Similarly, kubeadm upgrade apply v1.10.1 hangs before changing any manifests (control plane pods don't restart at all). Output before hanging:

root@prod-01:~# kubeadm upgrade apply v1.10.1
[preflight] Running pre-flight checks.
[upgrade] Making sure the cluster is healthy:
[upgrade/config] Making sure the configuration is correct:
[upgrade/config] Reading configuration from the cluster...
[upgrade/config] FYI: You can look at this config file with 'kubectl -n kube-system get cm kubeadm-config -oyaml'
[upgrade/version] You have chosen to change the cluster version to "v1.10.1"
[upgrade/versions] Cluster version: v1.10.0 , etcd 3.1.12
[upgrade/versions] kubeadm version: v1.10.1
[upgrade/confirm] Are you sure you want to proceed with the upgrade? [y/N]: y
[upgrade/prepull] Will prepull images for components [kube-apiserver kube-controller-manager kube-scheduler]
[upgrade/apply] Upgrading your Static Pod-hosted control plane to version "v1.10.1"...

What you expected to happen?

kubeadm should not hang indefinitely before doing things.

How to reproduce it (as minimally and precisely as possible)?

Initialize a 1.10.0 cluster using kubeadm 1.10.0. Upgrade to kubeadm 1.10.1, and attempt to plan/execute an upgrade to 1.10.1.

Anything else we need to know?

At least two other people seem to have seen the exact same symptoms that I did:

https://linuxacademy.com/community/posts/show/topic/26304-kubeadm-upgrade-plan-hangs
Someone on the kubeadm slack channel says "When I update my cluster with kubeadm from 1.10.0 to 1.10.1, kubeadm upgrade plan freeze"

kinbug sicluster-lifecycle

Source

danderson

👍3 ❤2

All 7 comments

I should also add: Kubernetes itself is working fine (control plane up, responsive, scheduling pods...). I also tried rebooting this machine in case there was any wedged state anywhere, but it didn't help.

@kubernetes/sig-cluster-lifecycle-bugs

danderson on 16 Apr 2018

@danderson: Reiterating the mentions to trigger a notification:
@kubernetes/sig-cluster-lifecycle-bugs

In response to this:

I should also add: Kubernetes itself is working fine (control plane up, responsive, scheduling pods...). I also tried rebooting this machine in case there was any wedged state anywhere, but it didn't help.

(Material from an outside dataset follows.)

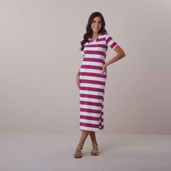 Vestido Mel Em Malha Conforto Uva Listrado Tatá Martello

@kubernetes/sig-cluster-lifecycle-bugs

Instructions for interacting with me using PR comments are available here. If you have questions or suggestions related to my behavior, please file an issue against the kubernetes/test-infra repository.

k8s-ci-robot on 16 Apr 2018

@danderson Thank you for reporting, we are aware of 2 distinct upgrade bugs are working to get a fix in 1.10.2. I'm going to close this issue as a dupe.

/cc @liztio @detiber @stealthybox

timothysc on 16 Apr 2018

👍1

@timothysc this is currently undocumented in the other issues, but I was seeing this is morning with existing TLS clusters being unable to upgrade.

The root of this symptom is that the Etcd client used for the pre-upgrade check doesn't support TLS.

https://github.com/kubernetes/kubernetes/pull/62655 does address this case

stealthybox on 16 Apr 2018

@danderson Thank you for reporting, we are aware of 2 distinct upgrade bugs are working to get a fix in 1.10.2. I'm going to close this issue as a dupe.

I was unable to find the issues / PRs for these 2 upgrade bugs so I could track them, can someone reference them?